**SOURCE MATERIAL**
########

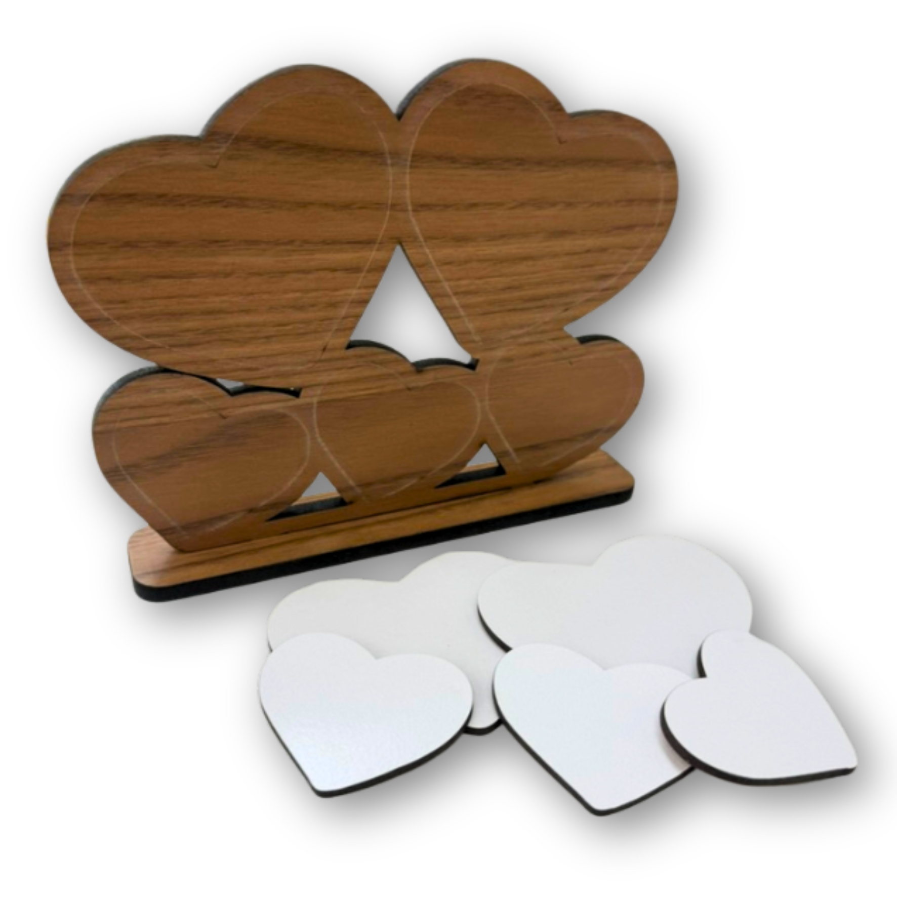 O porta-retrato de corações em MDF é perfeito para quem quer trabalhar com presentes personalizados que realmente encantam. Com design diferenciado e múltiplas peças, permite criar composições únicas, aumentando o valor percebido e o ticket da venda.
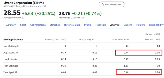 根據Yahoo財經數(shù)據,機構對于Livent 2022年、2023年的EPS預測均值分別為0.74、1.06,對應的同比增長率分別為311.11%、43.24%;機構預測雅保的EPS在2022年、2023年的同比增長率分別為53.96%、41.00%。
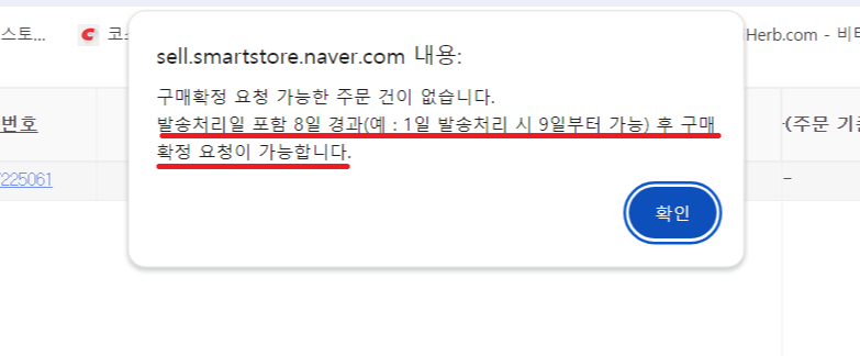 저는 고객에게 톡톡과 문자로 구매 확정을 요청하였으나, 소식이 없어 찾아보니, 스마트스토어 센터에서 구매확정 요청을 할 수 있는 방법이 있었습니다. 6일에 발송처리하였는 데, 안내 문구에 따르면 8일이 지난 9일째 되는 14일에 구매확정 요청이 가능합니다.

########

**TASK TO COMPLETE**
Drop the pictures; repeat the listing above exactly.

**WRITTEN SOLUTION**
 O porta-retrato de corações em MDF é perfeito para quem quer trabalhar com presentes personalizados que realmente encantam. Com design diferenciado e múltiplas peças, permite criar composições únicas, aumentando o valor percebido e o ticket da venda.
 根據Yahoo財經數(shù)據,機構對于Livent 2022年、2023年的EPS預測均值分別為0.74、1.06,對應的同比增長率分別為311.11%、43.24%;機構預測雅保的EPS在2022年、2023年的同比增長率分別為53.96%、41.00%。
 저는 고객에게 톡톡과 문자로 구매 확정을 요청하였으나, 소식이 없어 찾아보니, 스마트스토어 센터에서 구매확정 요청을 할 수 있는 방법이 있었습니다. 6일에 발송처리하였는 데, 안내 문구에 따르면 8일이 지난 9일째 되는 14일에 구매확정 요청이 가능합니다.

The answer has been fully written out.